> Neural accelerators to get prompt prefill time down. Apple Neural Engine is a ...

pdpi · 2025-12-19T00:52:23 1766105543

> Do you really need a fully connected mesh? Doesn't Thunderbolt just show up as a network connection that RDMA is ran on top of?

If you daisy chain four nodes, then traffic between nodes #1 and #4 eat up all of nodes #2 and #3's bandwidth, and you eat a big latency penalty. So, absent a switch, the fully connected mesh is the only way to have fast access to all the memory.

Dylan16807 · 2025-12-19T17:53:26 1766166806

Obviously don't daisy chain, that wastes ports so badly. But if you connect 4 nodes into a loop, it goes fine. Relaying only adds 33% extra traffic. And what specifically are the latency numbers you have in mind?

If you have 3 links per box, then you can set up 8 nodes with a max distance of 2 hops and an average distance of 1.57 hops. That's not too bad. It's pretty close to having 2 links each to a big switch.

rbanffy · 2025-12-19T12:23:37 1766147017

Can’t you make bandwidth reservations and optimise data location to prefer comms between directly connected nodes over one or two-hop paths?

KeplerBoy · 2025-12-19T12:47:54 1766148474

Sure, one could think of some kind of pipeline parallelism where you only need a fast transfer to the next step in the model and that would boost throughput but not increase model size.

fooblaster · 2025-12-18T23:54:19 1766102059

Might be helpful if they actually provided a programming model for ANE that isn't onnx. ANE not having a native development model just means software support will not be great.

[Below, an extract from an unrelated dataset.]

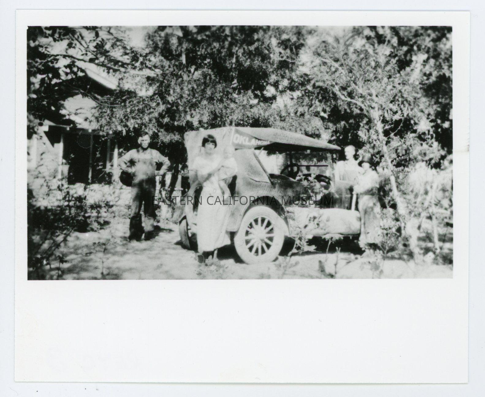 2008.19.3--Taken the day Ada and Clyde arrived at Aberdeen and the home of John Jones on August 14, 1924. From left to right: John Jones, Ada Reynolds holding Clyde, Bill Kemp, and Maude Jones Kemp.

sroussey · 2025-12-19T03:13:54 1766114034

onnx supports CoreML, is that how?

liuliu · 2025-12-19T00:14:05 1766103245

They were talking about neural accelerators (a silicon piece on GPU): https://releases.drawthings.ai/p/metal-flashattention-v25-w-...

csdreamer7 · 2025-12-19T00:21:17 1766103677

> Apple Neural Engine is a thing already, with support for multiply-accumulate on INT8 and FP16. AI inference frameworks need to add support for it.

Or, Apple could pay for the engineers to add it.

ls612 · 2025-12-19T01:07:51 1766106471

Apple already paid software engineers to add Tensorflow support for the ANE hardware.

solarkraft · 2025-12-19T04:12:37 1766117557

How much of an improvement can be expected here? It seems to me that in general most potential is pretty quickly realized on Apple platforms.